Concurrency – redundancy without central control points?
If you can provide services to multiple clients, if the server providing this service fails, another server will occupy it – without some centralized "control", it will detect whether the primary server is down and redirect clients to the new server?
Is it possible not to use a centralized interface / gateway?
In other words, it's a bit like asking, can you design a node balancer without centralized control to guide the client?
Solution
This answer outlines the high availability of web applications, not Erlang specific I don't know much about the available content in the OTP framework because I'm new to the language
Here are some different questions:
>Client connections must be moved to the backup computer > session may contain state data > how to detect crashes
Problem 1 - mobile client connection, which can be solved in many different ways and different layers of network architecture The simplest way is to encode it to the client, so that when the connection is lost, it will reconnect to another machine
If you need network transparency, you can use some technology to synchronize TCP status between different computers, and then reroute all traffic to the new computer, which may be completely invisible to the client This is much more difficult than the first suggestion
I believe there is a lot to be done between the two
Question 2 – status data you obviously need to move the session state from the crashed computer to the backup computer This is difficult to do reliably, and you may lose the last few transactions because a crashed computer may not be able to send the last status before it crashes You can use synchronous calls in this way to ensure that the state is not lost:
>Transaction / message from client to host. > The host updates some status. > Send the new status to the backup computer. > The backup machine confirms the arrival of the new state. > The host confirms that the customer is successful
In some cases, this can be expensive (or at least not responsive) because you rely on the backup computer and its connections, including latency, even before confirming anything to the client For better performance, you can let the client check the transactions received by the backup machine when connecting, and then resend the lost transactions, making the client responsible for queuing
Question 3 - detect crashes this is an interesting question because crashes are not always clear What really broke down?
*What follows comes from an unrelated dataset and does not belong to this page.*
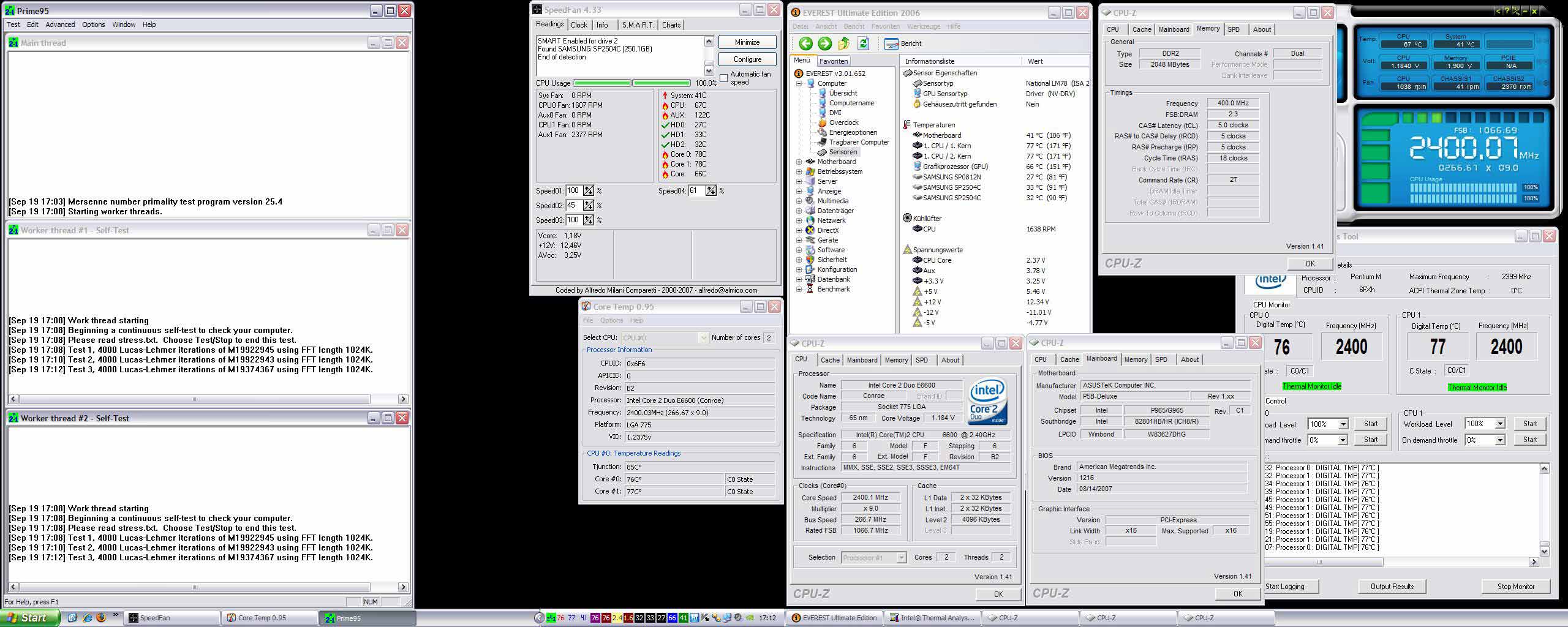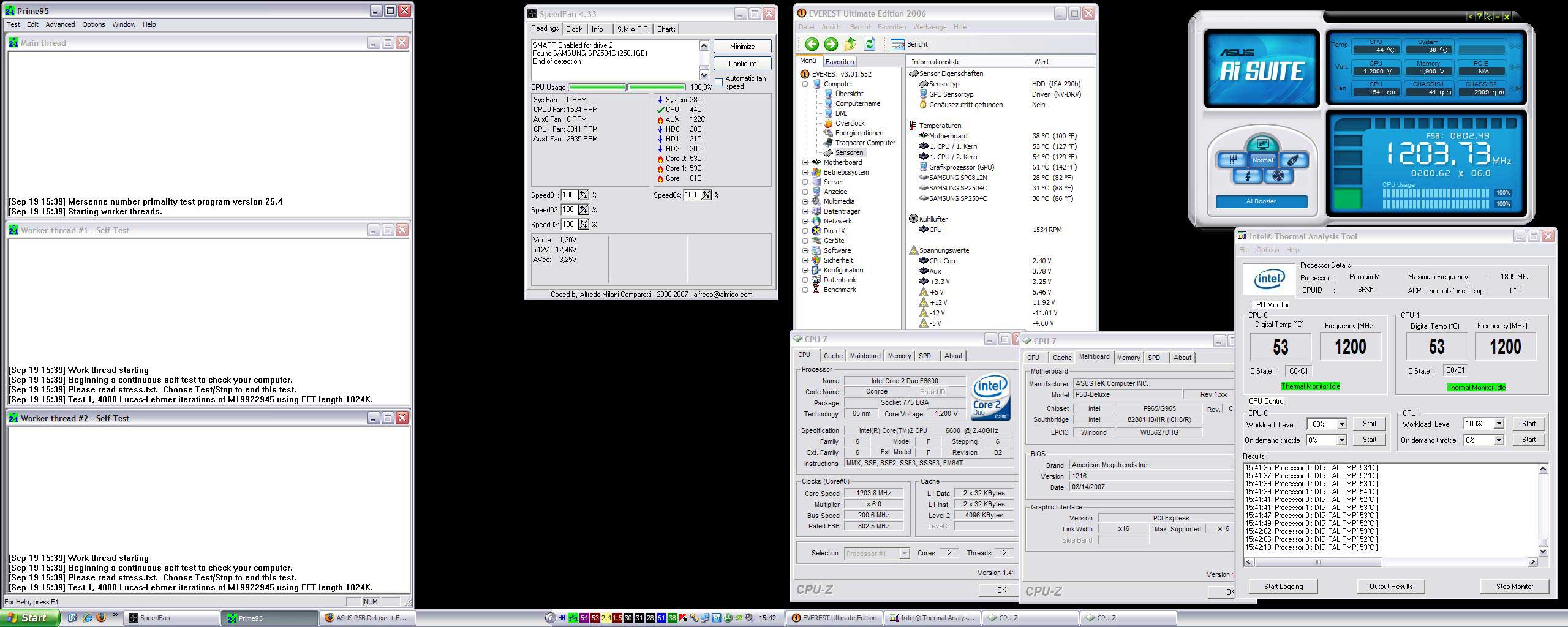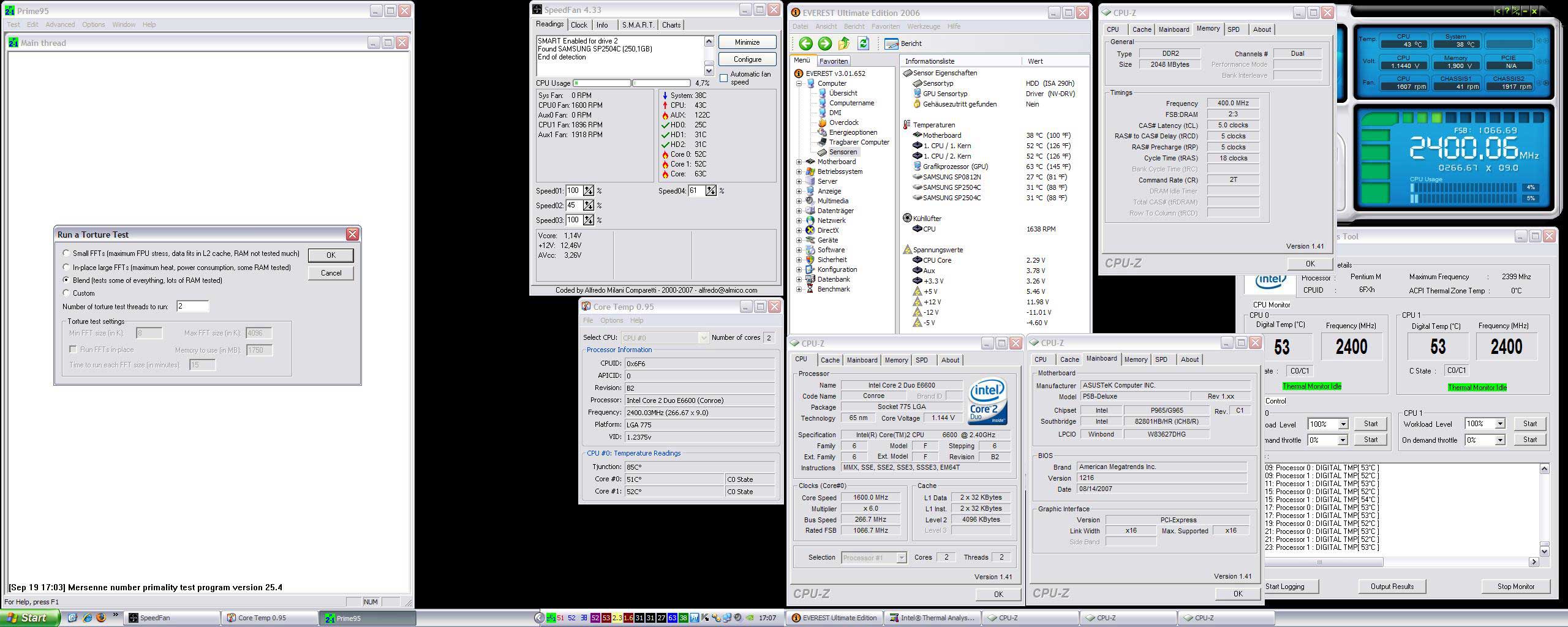 Ich wundere mich immer mehr über die VCore Werte die mir angezeigt werden. Wie im angehängten Screenshot zu sehen zeigen die Programme alle unterschiedliche Werte an (abgesehen von Everest, der zeigt den Wert von CoreTemp x2 an).
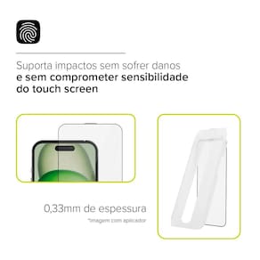 Especificações Película de vidro temperado Transparente com borda Matéria-prima japonesa (Asahi Glass) Espessura de 0,33mm Protege a tela contra riscos e pequenas batidas Não afeta a sensibilidade da tela Toque aveludado Antibrilho, perfeita para jogos Aplicador individual

Consider a network program that closes the connection between the client and the server, but they are still started and connected to the network Or worse, if the server doesn't notice, the client will disconnect from the server Here are some issues to consider:
>Should the client connect to the backup machine? > If the master server updates some status and sends it to the backup computer, and the backup is connected to the real client, will there be data competition? > Can the host and standby machines be started at the same time, or do you need to shut down one of the machines and move all sessions? > You need some kind of authority on this issue. Some agreements to decide which is the master and which is the slave? Who is the authority? How do you disperse it? > What if your nodes lose their connection, but both continue to work as expected (called network partitioning)?